A vulnerability in ChatGPT, identified by researcher Johann Rehberger, allows malicious actors to hijack the AI memory settings to continuously siphon data. OpenAI has taken steps to fix the problem but acknowledges the ongoing risk associated with prompt injections.
Interference with Memory Capabilities
The AI's memory function, designed to enhance interactions by remembering user details, has been exploited. By embedding harmful commands in non-trusted sources, such as emails or documents, attackers can manipulate ChatGPT to store and propagate incorrect data through indirect prompt injections.
During a demonstration, Rehberger managed to deceive ChatGPT into saving fabricated user details, leading to a steady data outflow to an external server when the AI accessed a harmful image link.
OpenAI's Countermeasures and Precautions for Users
In response to the breach, OpenAI applied a corrective measure to prevent misuse of memories. Despite efforts to mitigate this issue, prompt injections that alter long-term information remain a possibility. To counteract potential threats, users should keep an eye on stored data for unauthorized entries and continuously check session logs for unexpected memory updates.
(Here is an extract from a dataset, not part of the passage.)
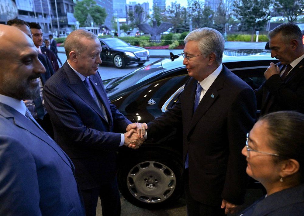 В столичном международном аэропорту Эсенбога президента Касым-Жомарта Токаева встретил глава Турции Реджеп Тайип Эрдоган. В честь главы нашего государства у трапа был выстроен почетный караул.
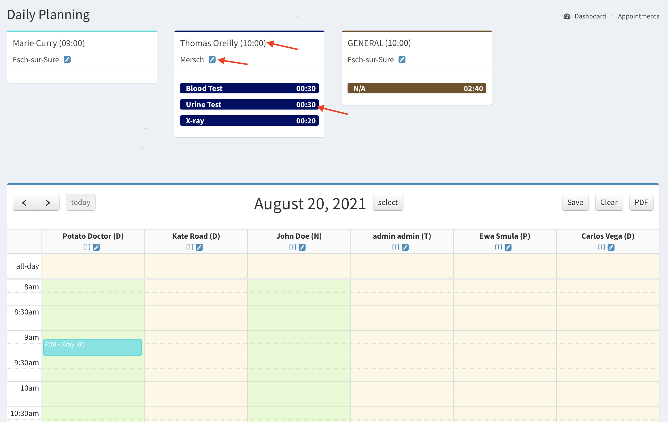 To schedule the appointment drag and drop the color bar from to the Daily Planning table (see videos below). You can drop the color bar after the time the appointment is scheduled, what is highlighted with light blue color. Click Save button to save the schedule.

OpenAI provides resources to help users manage memory settings and protect their data. Rehberger's examination of this vulnerability extended to various exploit scenarios, including apps, document uploads, and web browsing. In one test, a Google Doc linked in a conversation altered the memory settings of ChatGPT through prompt injection.
In his accompanying video, Rehberger shows the creation of false memories via this method. A separate test with image analysis also demonstrated how memory could be manipulated during processing. Browsing via Bing initially resisted manipulation, but specific strategies eventually circumvented defenses.
AI Security Considerations
OpenAI categorized the reported flaw as a “Model Safety Issue” rather than a security vulnerability. Rehberger contends that the manipulation and erasure of memories compromise user interaction integrity and should be considered a security threat.
As preventative measures, he suggests avoiding automatic tool activation with untrusted data, requiring user consent for high-risk actions, and limiting memory changes. Routine reviews of ChatGPT's memory are recommended to catch unexpected alterations.